If the government helped, the official asked, would Quidel make tests to detect coronavirus infections?

Mr. Bryant decided to go for it, even though some experts at the time were predicting the United States would quickly tame any outbreak.

The gamble has paid off. Quidel, a San Diego-based maker of diagnostic tests, developed a swab-based coronavirus test that produced results from an analyzer in 15 minutes. It sold 1.2 million of them for less than $20 apiece to the federal government for use at nursing homes. A grant from the National Institutes of Health is enabling Quidel to expand its production by about 140 million tests a year, company officials said.

With the pandemic still raging as fall approaches, the government’s efforts to support development and deployment of a variety of testing methods are a rare if belated bright spot amid widespread failures to contain the virus.

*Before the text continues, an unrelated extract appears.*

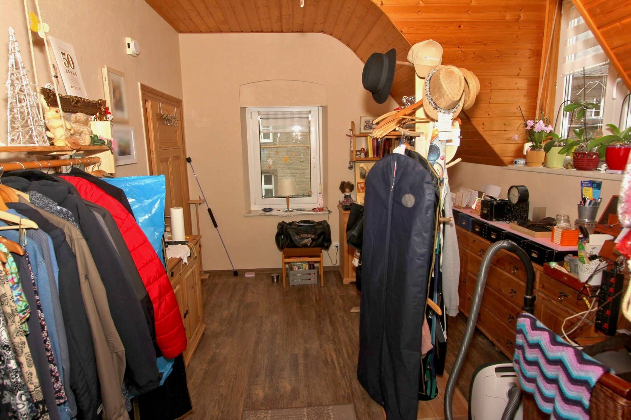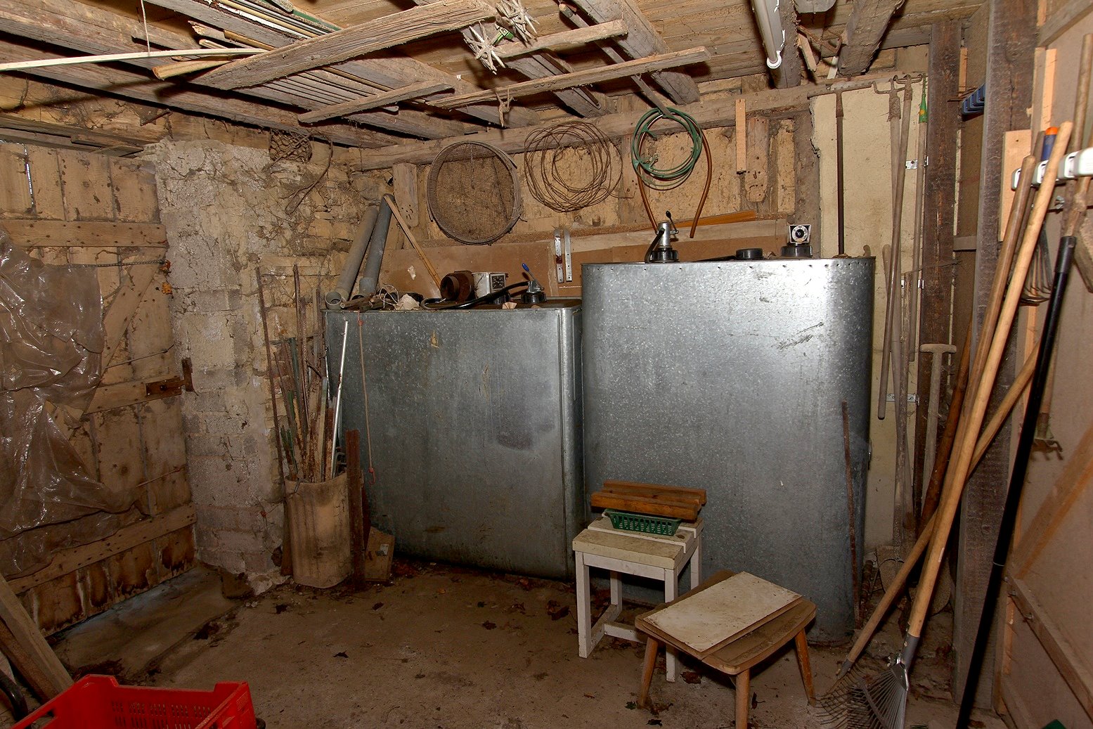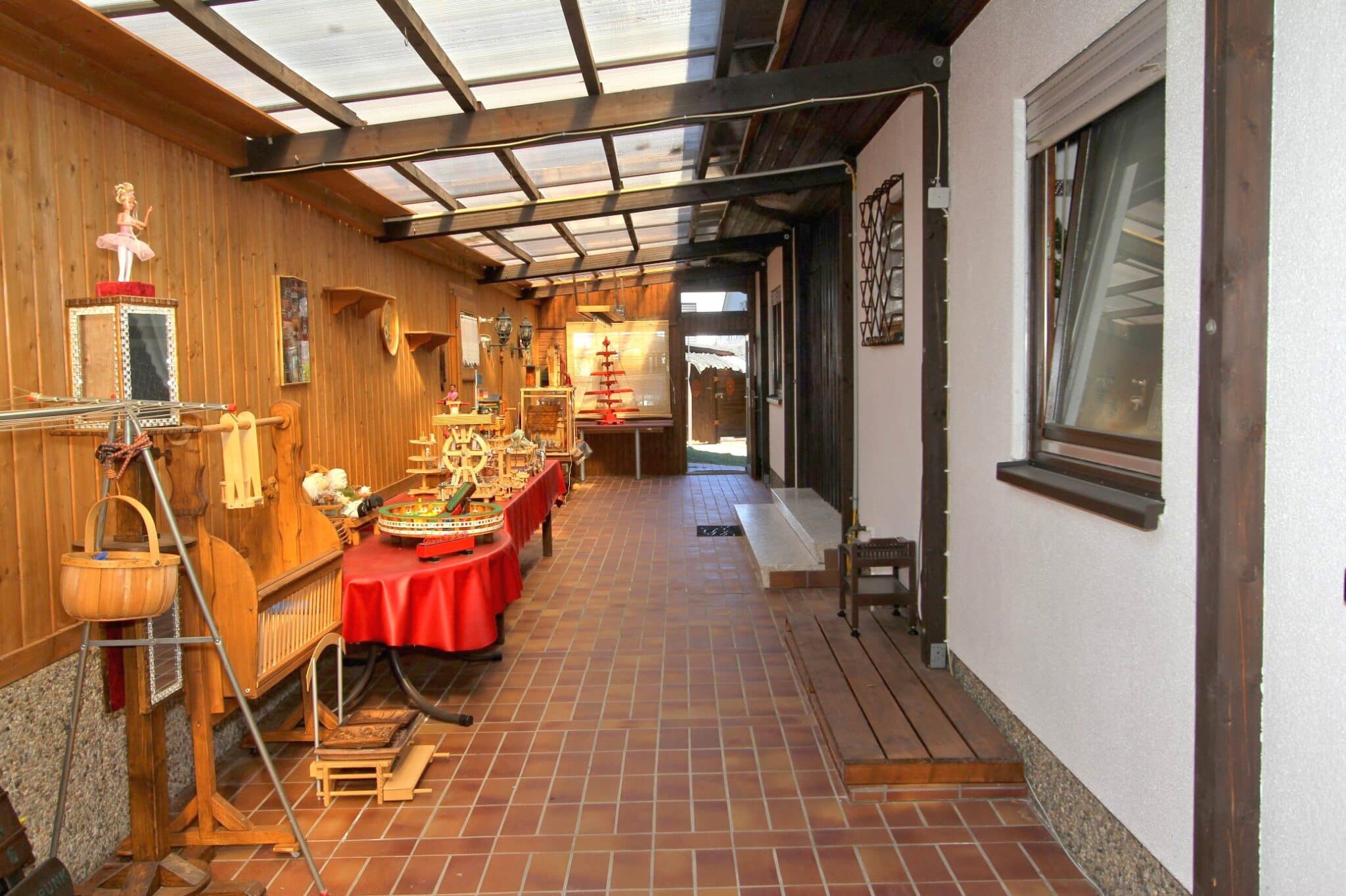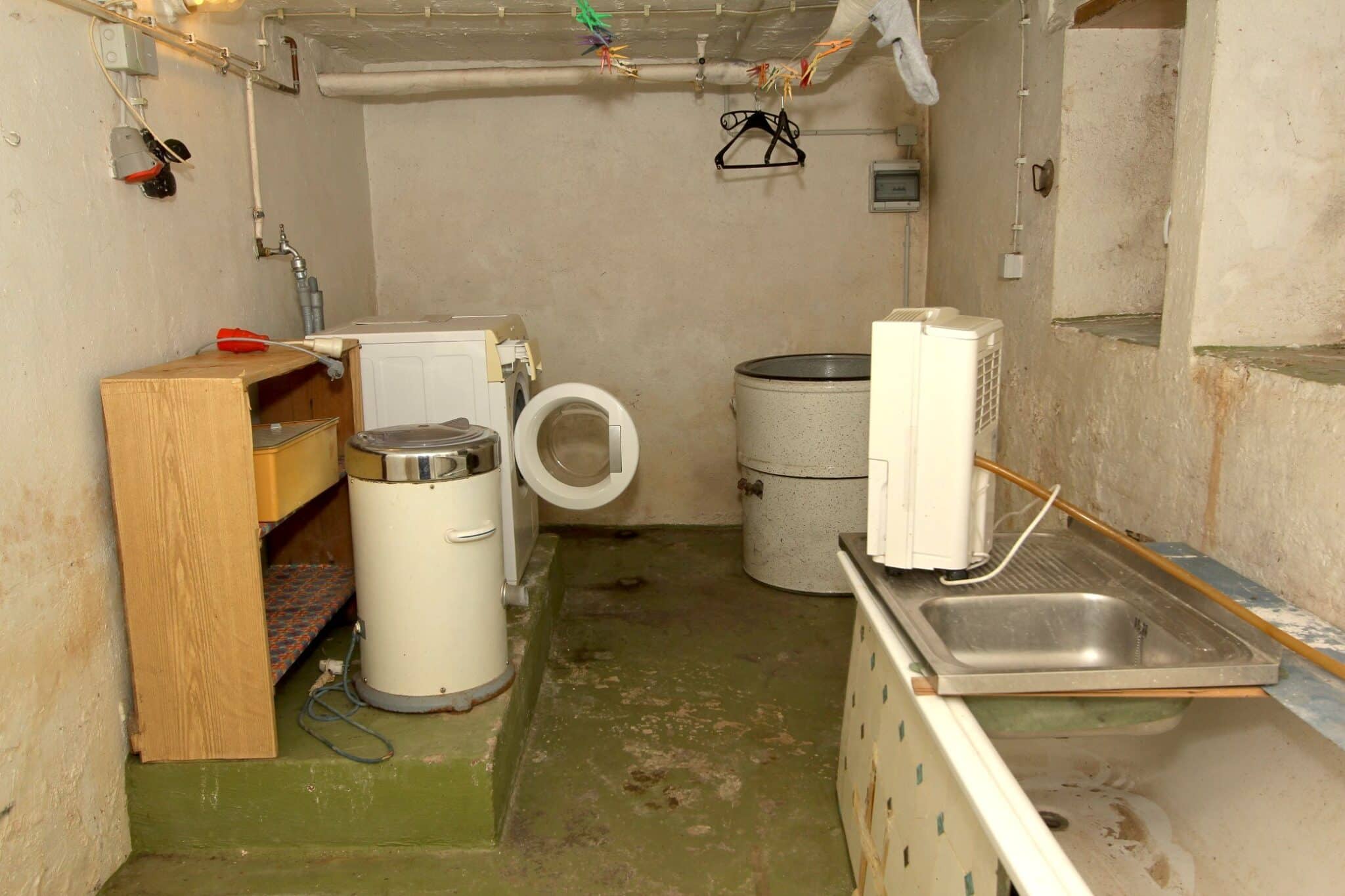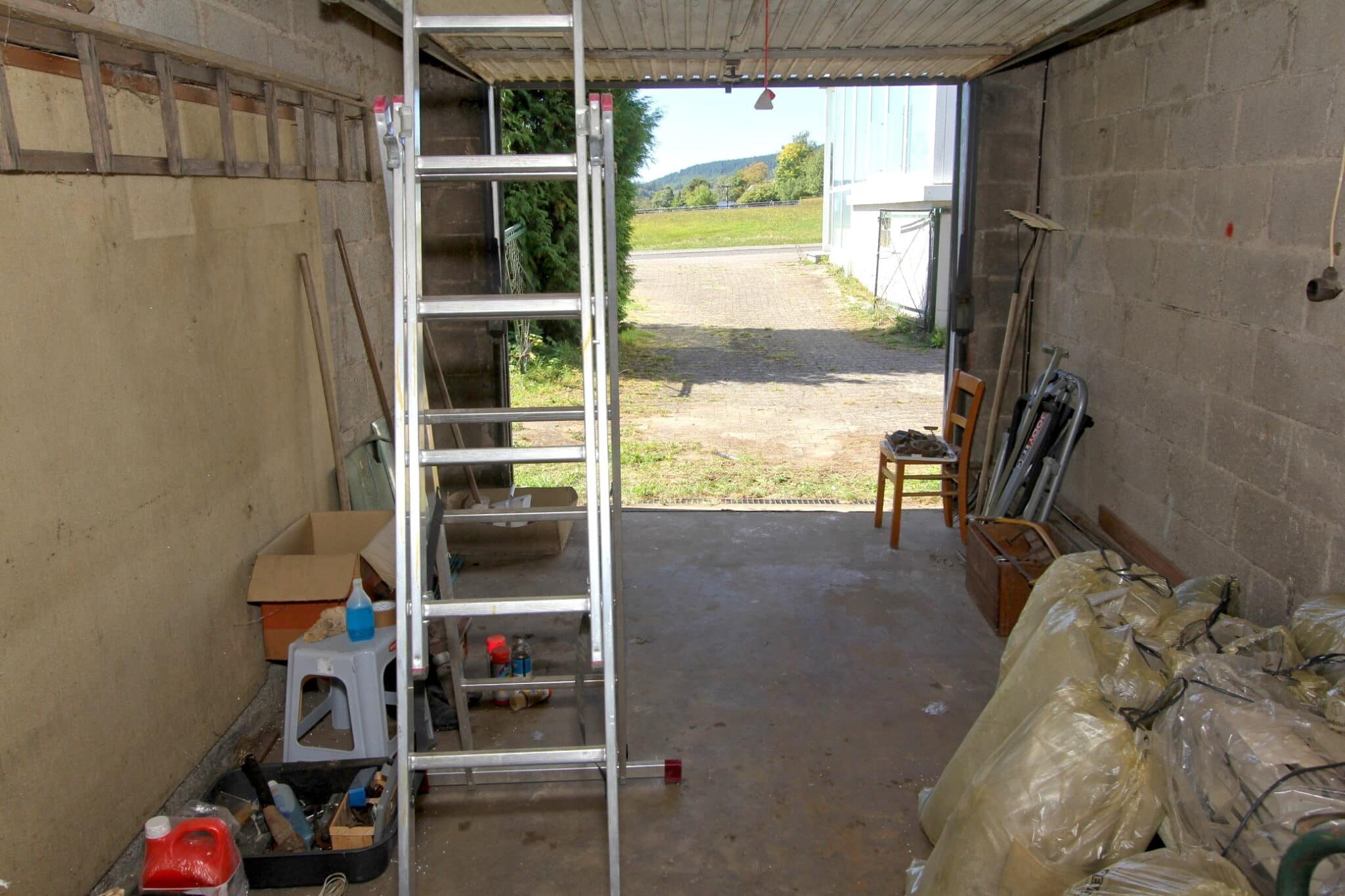 Die Werkstatt ist durch einen separaten Eingang von außen zu betreten, ebenso der Heizungs- und Waschraum. Von der Werkstatt führt eine Bodeneinschubtreppe zum Dachboden, der für Lagerzwecke verwendet werden kann. Das Haus ist teilunterkellert.

In the latest round of government backing, the N.I.H. said on Wednesday that it was providing nine more companies with $123.3 million from a $2.5 billion pot of money allocated last spring by the stimulus bill to support testing. That will bring the total amount disbursed so far by the N.I.H. to $372 million across 16 companies.

The goal is to support production of a broad spectrum of tests, making them more widely available and perhaps ultimately as easy to use as a home pregnancy test. Tests must show that they meet the Food and Drug Administration’s standards for safety and accuracy before they can be sold. ...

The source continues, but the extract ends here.